AT ABOUT 2:30 p.m., Radio BUB crackles to life. Rocky Robinson and the Ack Attack inch over the start line, followed immediately by Akatiff in his black Dodge pickup. The truck's bumper is rigged to give the tippy streamliner a 40–mile–per–hour running push. Within a quarter–mile, Robinson hits the gas, turning the docile streamliner into a pissed–off cheetah. There's a deafening growl as the Ack Attack roars away.

Outside the realm of land–speed racing, Robinson is a mild–mannered guy who gels his black hair to spice up his insurance–salesman looks. He manages a tile store in Grass Valley, but he used to have a more exalted job as a corporate vice president for Manning, who unceremoniously ousted him in the fall of 2005 during a temporary economic slump. Getting the boot also meant saying goodbye to Manning's streamliners. The dismissal still makes him mad.
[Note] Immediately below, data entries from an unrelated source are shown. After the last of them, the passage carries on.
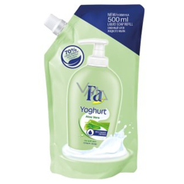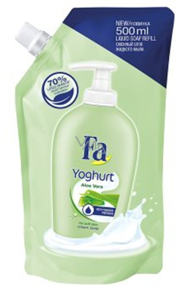 Objevte krémové mýdlo Fa Yoghurt Aloe Vera s jogurtovými proteiny, které zanechá pocit jemné pokožky vašich rukou. Pro pocit jemné pokožky. Vůči pokožce pH neutrální. Náhradní náplň - až o 70 % méně obalového odpadu v porovnání s 500 ml Fa tekutého mýdla ve 2 lahvičkách s pumpičkou (2 x 250 ml).
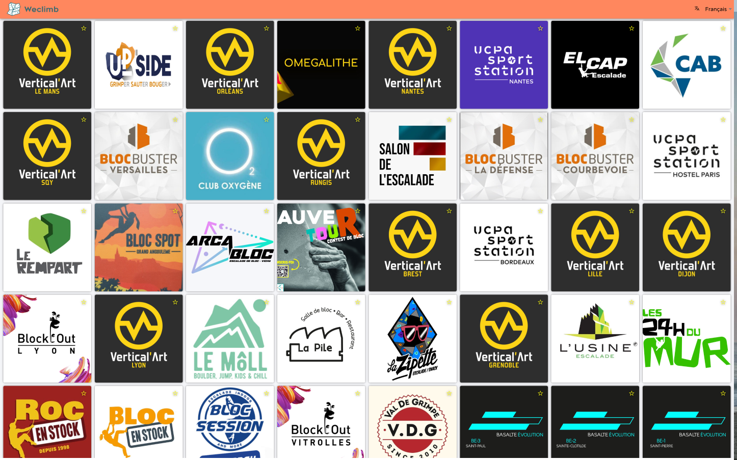 Arca Bloc BE-1 Saint-PierreBE-2 Saint-DenisBE-3 Saint Paul Bloc Session Haguenau Bloc Spot Bloc en Stock Blocbuster Courbevoie Blocbuster La Défense Blocbuster Versailles Block'Out Lyon Block'Out Vitrolles Chartres à Bloc Club Oxygène ElCap L'Usine Escalade La Zipette Lapile Le Môll Le Rempart Omegalithe Roc en Stock UCPA Bordeaux UCPA Nantes UCPA Paris UP'SIDE Vertical'Art Brest Vertical'Art Dijon Vertical'Art Grenoble Vertical'Art Le Mans Vertical'Art Lille Vertical'Art Lyon Vertical'Art Nantes Vertical'Art Orléans Vertical'Art Rungis Vertical'Art SQY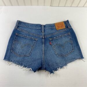 Levis Women’s 501 Button Fly Raw Hem Blue Denim Jean Cut Off Shorts Sz 29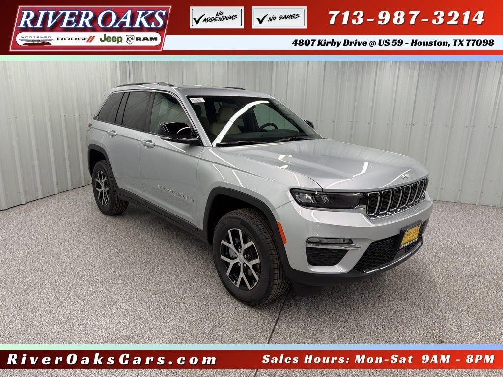 Let the team at River Oaks CDJR introduce you to an entirely new kind of car-buying experience. If you're looking for a deal, this is it. This vehicle is priced below market for immediate sale. No add-ons. No Surprises. Just honest deals. Sin cargos ocultos. Sin sopresas. Solo ofertas honestas. No Pague Mas. Hablamos Espanol! This 2025 Jeep Grand Cherokee Limited in Silver Zynith comes with the following features: 3.6L V6 24V VVT 8-Speed Automatic RWD Quick Order Package 22E, 4-Wheel Disc Brakes, 6 Speakers, ABS brakes, Active Noise Control System, Air Conditioning, Alloy wheels, AM/FM radio: SiriusXM with 360L, Anti-whiplash front head restraints, Audio memory, Auto High-beam Headlights, Automatic temperature control, Brake assist, Bumpers: body-color, Capri Leatherette Seats, Compass, Delay-off headlights, Driver door bin, Driver vanity mirror, Dual front impact airbags, Dual front side impact airbags, Electronic Stability Control, Emergency communication system, Four wheel independent suspension, Front anti-roll bar, Front Bucket Seats, Front Center Armrest w/Storage, Front dual zone A/C, Front fog lights, Front License Plate Bracket, Front reading lights, Fully automatic headlights, Garage door transmitter, Heated door mirrors, Heated front seats, Heated rear seats, Heated steering wheel, Illuminated entry, Knee airbag, Low tire pressure warning, Memory seat, Model Year Tracking, Navigation System, Normal Duty Suspension, Occupant sensing airbag, Outside temperature display, Overhead airbag, Overhead console, Panic alarm, ParkView Rear Back-Up Camera, Passenger door bin, Passenger vanity mirror, Power door mirrors, Power driver seat, Power Liftgate, Power passenger seat, Power steering, Power windows, Radio data system, Radio: Uconnect 5 Nav with 10.1" Display, Rear anti-roll bar, Rear reading lights, Rear window defroster, Rear window wiper, Remote keyless entry, Security system, Speed control, Speed-Sensitive Wipers, Split folding rear seat, Spoiler, Steering wheel mounted audio controls, Tachometer, Telescoping steering wheel, Tilt steering wheel, Traction control, Trip computer, Turn signal indicator mirrors, Variably intermittent wipers, Voltmeter, and Wheels: 18" x 8" Polished/Painted Aluminum.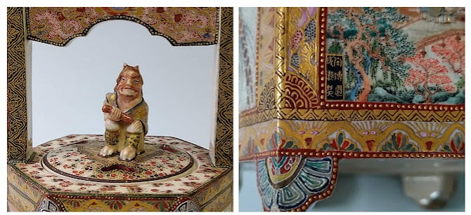 成瀬は全国各地で作られた薩摩焼風陶器のなかでも、細密画の元祖として知られ、明治期に発行された書画家番付にもその名が掲載されています。陶博園は成瀬が1886年(明治19年)に東京から地元岐阜県中津川に戻り始めた陶房の名前。ひねりものと呼ばれる置物を得意としたそうで、福禄寿がツマミになった香炉などが現存されています。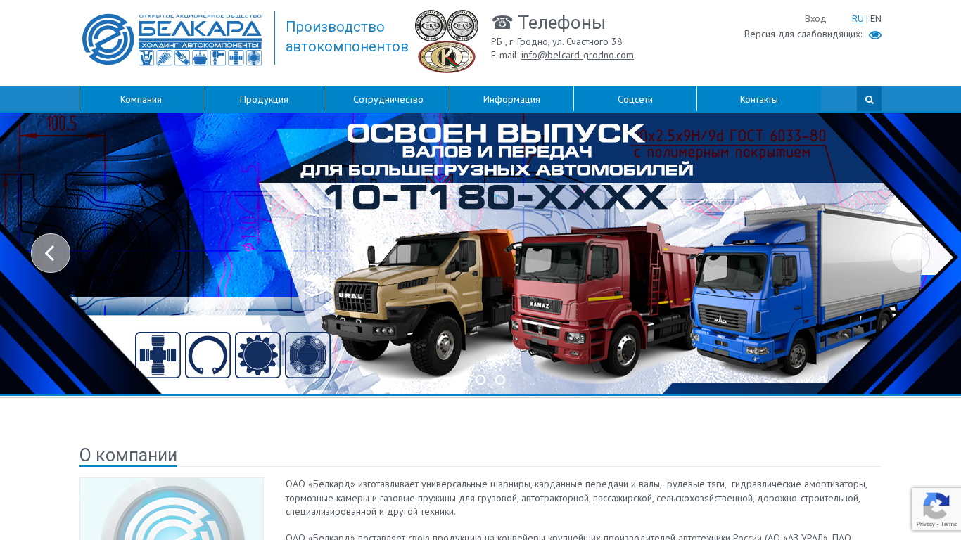 SEO-описание | ОАО “Белкард” - крупнейший производитель автомобильных компонентов для автомобилей всех типов и модификаций. |
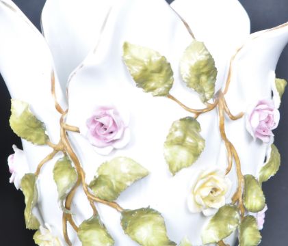 A pair of 20th century Sitzendorf floral encrusted cherub - putti vases. Each with large cherub at base with floral encrusted white glaze vases with flared tops. Marked to the base. Measures 29cm tall..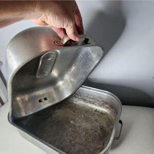 This antique Royal Chef roaster is a true gem for any kitchen collector. Made of durable aluminum and sporting a stunning silver color, this three-piece set includes a lid and steamer basket for your convenience. The oval shape and vintage design add a touch of elegance to any countertop.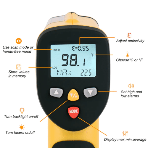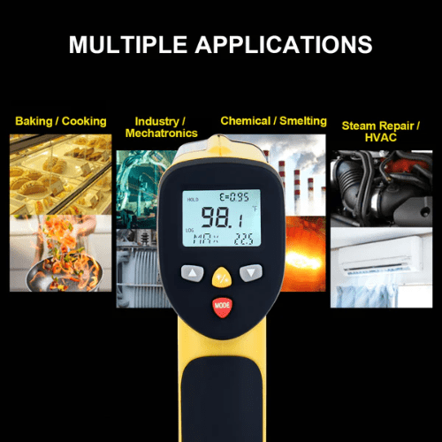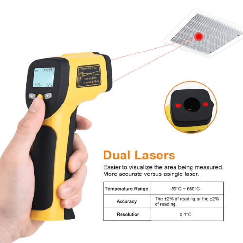 Máy đo nhiệt độ hồng ngoại bằng tia laser kép nhỏ gọn được sử dụng rộng rãi để đo nhiệt độ trong công nghiệp.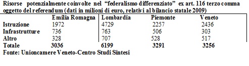 Un chiarimento che ammetterei si potrebbe/dovrebbe legittimamente chiedere alla politica riguarda la sopportabilità dell’ampliamento delle spese coinvolte da parte dei bilanci regionali e come affrontarla. Qui la parola spetta innanzitutto alle cifre, ma la conclusione sarebbe definitivamente lasciata alla politica. In uno studio di qualche tempo fa, precedente la richiesta di referendum da parte delle due Regioni, l’Unioncamere Veneto insieme al (veneto) Centro Studi Sintesi avevano elaborato calcoli sull’ impatto della realizzazione del “federalismo differenziato” derivante dall’applicazione del trasferimento delle funzioni dal centro alla periferia possibile ex art. 116, terzo comma, proprio quello che viene proposto agli elettori a nord del Po. Lo studio prendeva in considerazione, oltre alla Lombardia e al Veneto, anche l’Emilia Romagna e il Piemonte, considerando come materie su cui si concentrerebbe il potenziamento delle competenze regionali: l’istruzione, le infrastrutture regionali, la protezione civile e i beni culturali.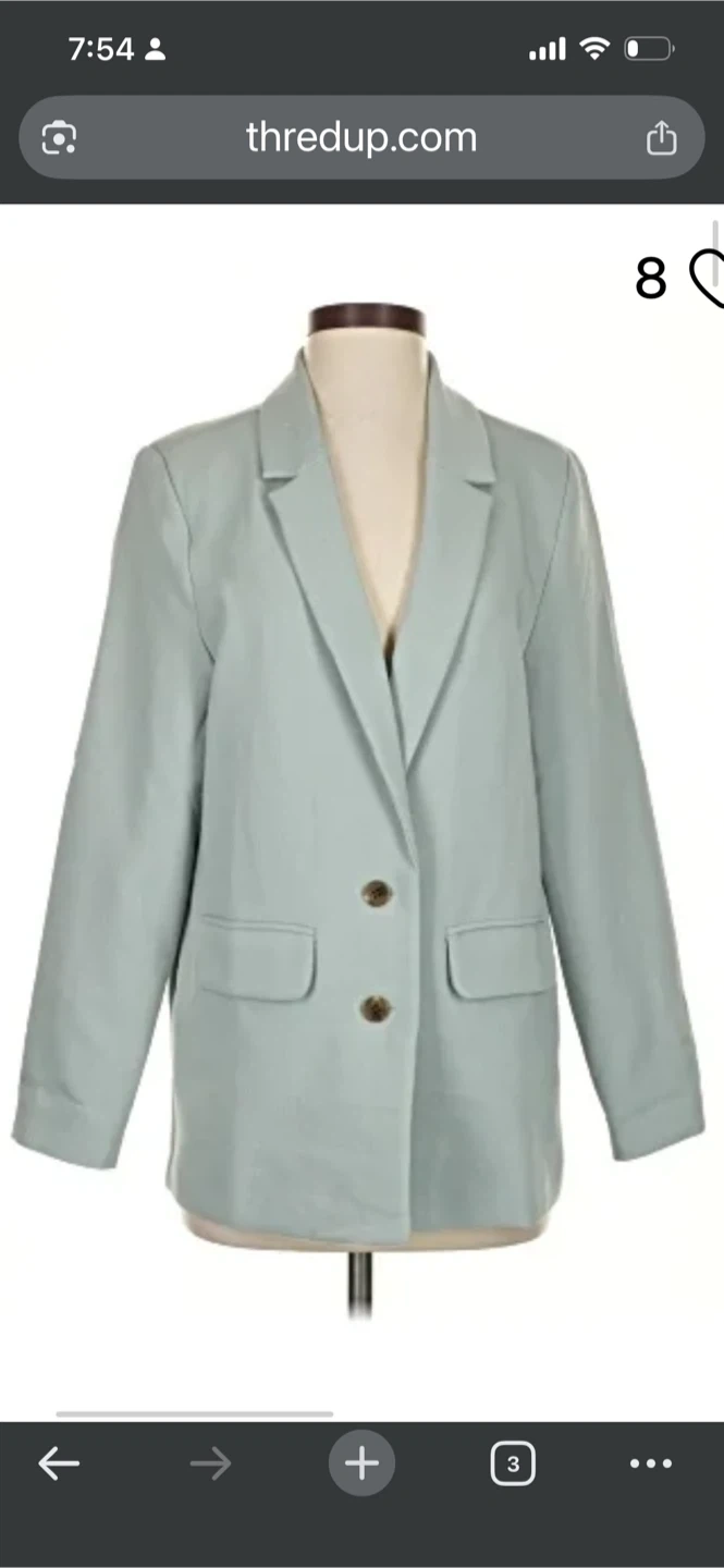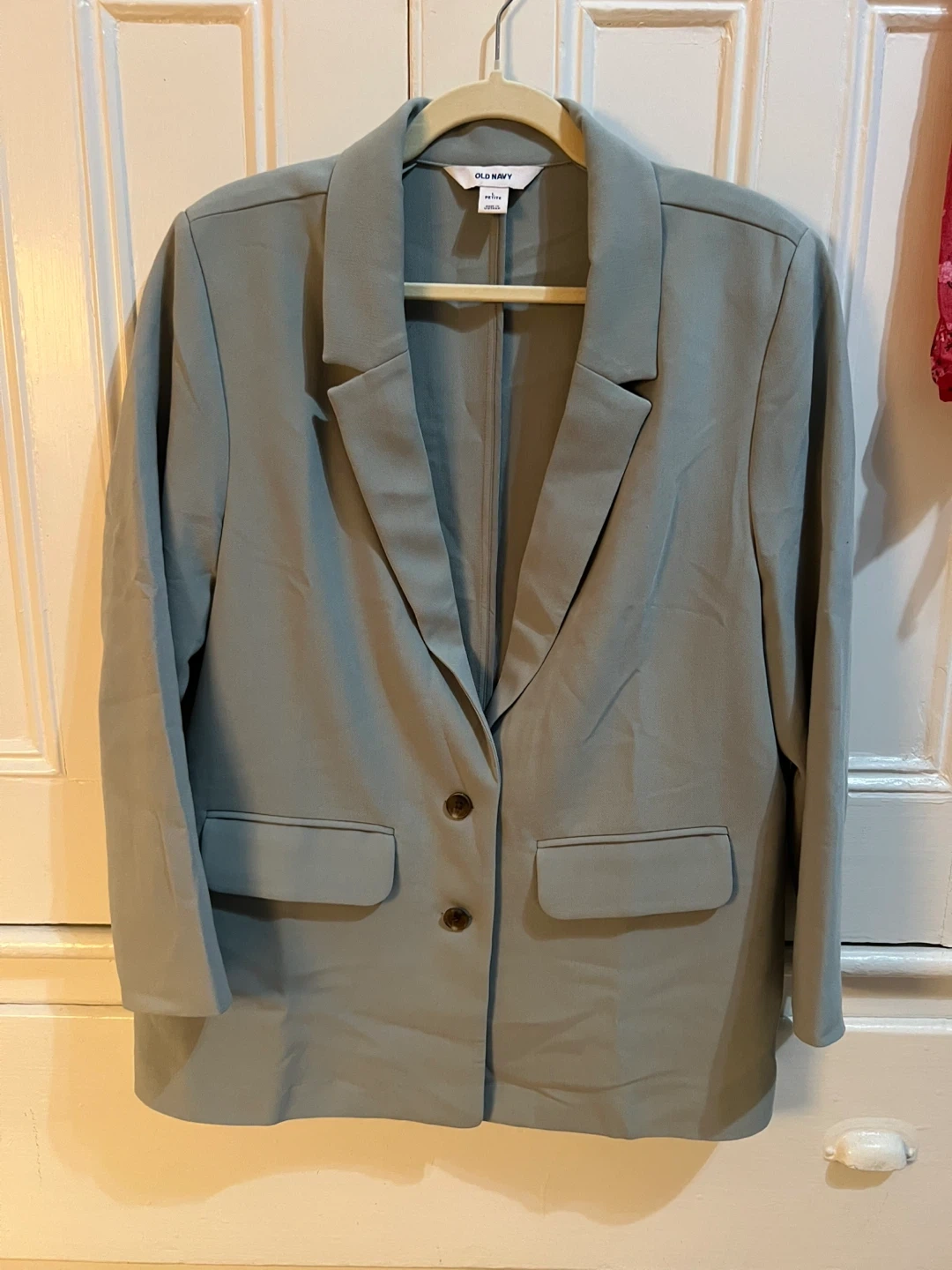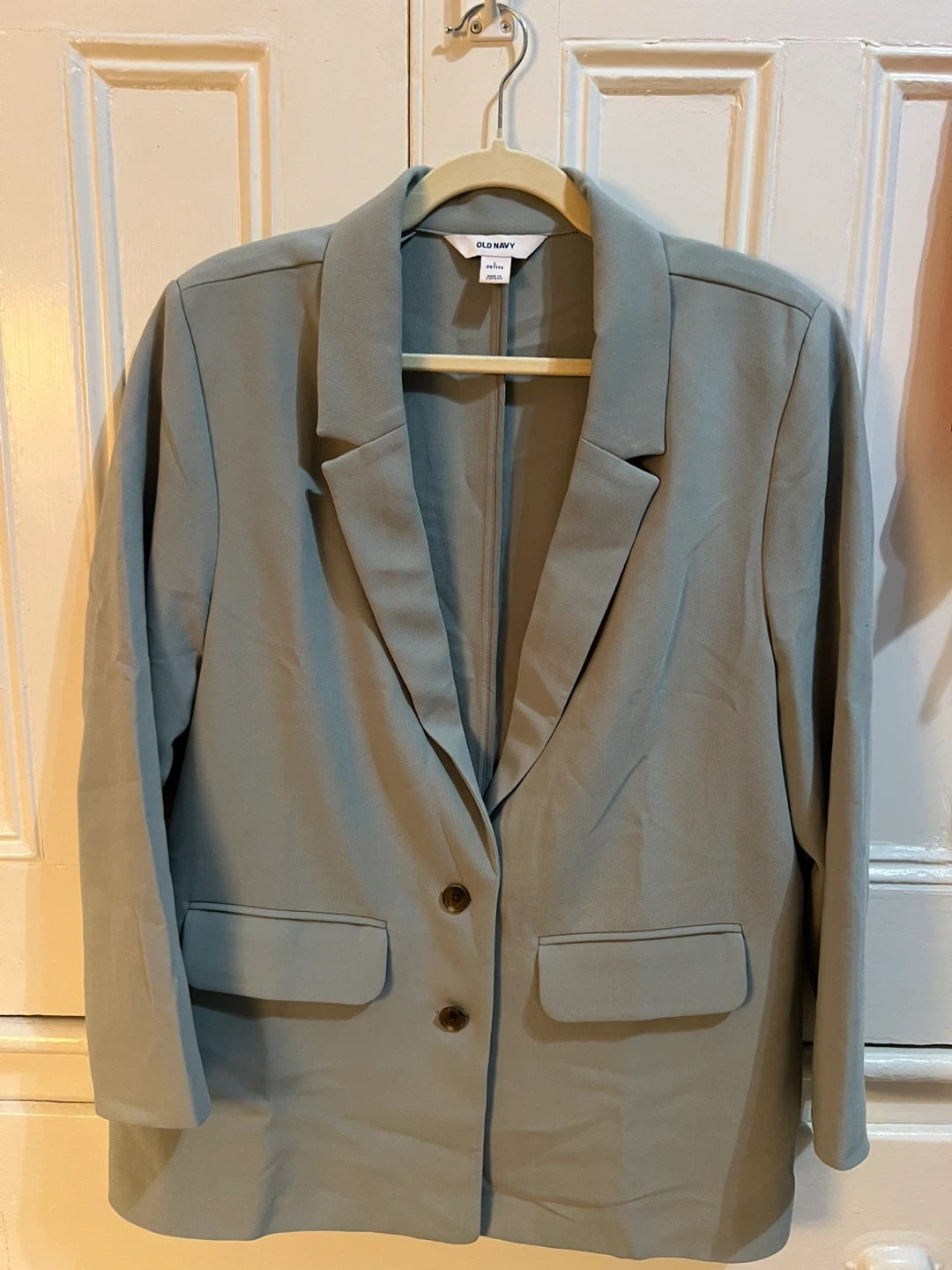 Light mint green Old Navy blazer. Size L Petite. A little wrinkled but just needs a good steaming and it’s good as new! Never worn before but no tags. Two-button closure.

"I helped turn that company into a multi–million–dollar business," Robinson will tell me later, away from the salt. "Where I work now is about eating and keeping the lights on."

As Robinson accelerates down the track, he puts himself on a tactical tightrope: Too hard on the throttle and he could spin the rear wheels and lose valuable momentum. Not aggressive enough and he won't wring out all of the Ack Attack's potential. Robinson runs through the bike's six–speed transmission by redlining every gear, shifting only when a gear–change light comes on inside the cockpit. In Bonneville's unchanging, canvas–white landscape, the beacon is one of Robinson's best visual indicators that he is, indeed, hauling ass.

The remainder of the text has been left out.